But it is in his doctrine of reason that the distinctive principle of the philosophy of Cousin lies. The reason given to us by psychological observation, the reason of our consciousness, is impersonal in its nature. We do not make it; its character is precisely the opposite of individuality; it is universal and necessary. The recognition of universal and necessary principles in knowledge is the essential point in psychology; it ought to be put first and emphasized to the last that these exist and that they are wholly impersonal or absolute. The number of these principles, their enumeration and classification, is an important point, but it is secondary to that of the recognition of their true nature. This was the point which Kant missed in his analysis, and this is the fundamental truth which Cousin thinks he has restored to the integrity of philosophy by the method of the observation of consciousness. And how is this impersonality or absoluteness of the conditions of knowledge to be established? The answer is in substance that Kant went wrong in putting necessity first as the criterion of those laws. This brought them within the sphere of reflection, and gave as their guarantee the impossibility of thinking them reversed; and led to their being regarded as wholly relative to human intelligence, restricted to the sphere of the phenomenal, incapable of revealing to us substantial reality—necessary, yet subjective. But this test of necessity is a wholly secondary one; these laws are not thus guaranteed to us; they are each and all given to us, given to our consciousness, in an act of spontaneous apperception or apprehension, immediately, instantaneously, in a sphere above the reflective consciousness, yet within the reach of knowledge. And "All subjectivity with all reflection expires in the spontaneity of apperception. The reason becomes subjective by relation to the voluntary and free self, but in itself it is impersonal; it belongs not to this or to that self in humanity; it belongs not even to humanity. We may say with truth that nature and humanity belong to it, for without its laws both would perish."

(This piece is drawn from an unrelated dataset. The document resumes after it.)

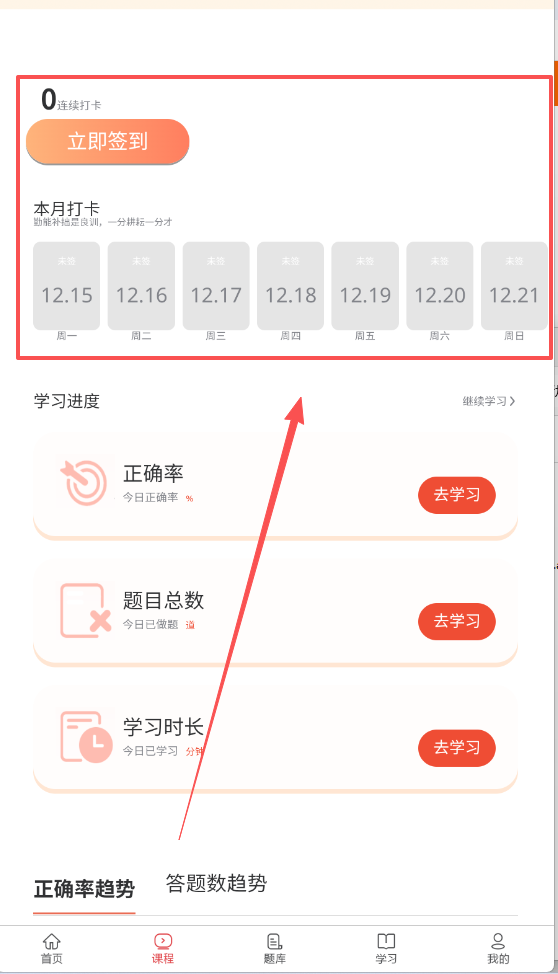 2、可以在课程内打开自己的学习进度,查看自己的学习进度和正确率等信息。

But what is the number of those laws? Kant, reviewing the enterprise of Aristotle in modern times, has given a complete list of the laws of thought, but it is arbitrary in classification and may be legitimately reduced. According to Cousin, there are but two primary laws of thought, that of causality and that of substance. From these flow naturally all the others. In the order of nature, that of substance is the first and causality second. In the order of acquisition of our knowledge, causality precedes substance, or rather, both are given to us in each other, and are contemporaneous in consciousness.

These principles of reason, cause and substance, given thus psychologically, enable us to pass beyond the limits of the relative and subjective to objective and absolute reality; they enable us, in a word, to pass from psychology (or the science of knowledge) to ontology (or the science of being). These laws are inextricably mixed in consciousness with the data of volition and sensation, with free activity and fatal action or impression, and they guide us in rising to a personal being, a self or free cause, and to an impersonal reality, a not-me—nature, the world of force—lying out of us, and modifying us. As I refer to myself the act of attention and volition, so I cannot but refer the sensation to some cause, necessarily other than myself, that is, to an external cause, whose existence is as certain for me as my own existence, since the phenomenon which suggests it to me is as certain as the phenomenon which had suggested my reality, and both are given in each other. I thus reach an objective, impersonal world of forces which corresponds to the variety of my sensations. The relation of these forces or causes to each other is the order of the universe.

But these two forces, the me and the not-me, are reciprocally limitative. As reason has apprehended these two simultaneous phenomena, attention and sensation, and led us immediately to conceive the two sorts of distinct absolute causes, correlative and reciprocally finite, to which they are related, so, from the notion of this limitation, we find it impossible under the same guide not to conceive a supreme cause, absolute and infinite, itself the first and last cause of all. This cause is self-sufficient and is sufficient for the reason. This is God; he must be conceived under the notion of cause, related to humanity and the world. He is an absolute substance only insofar as he is the absolute cause of philosophy and his essence lies precisely in his creative power. He thus creates, and he creates necessarily.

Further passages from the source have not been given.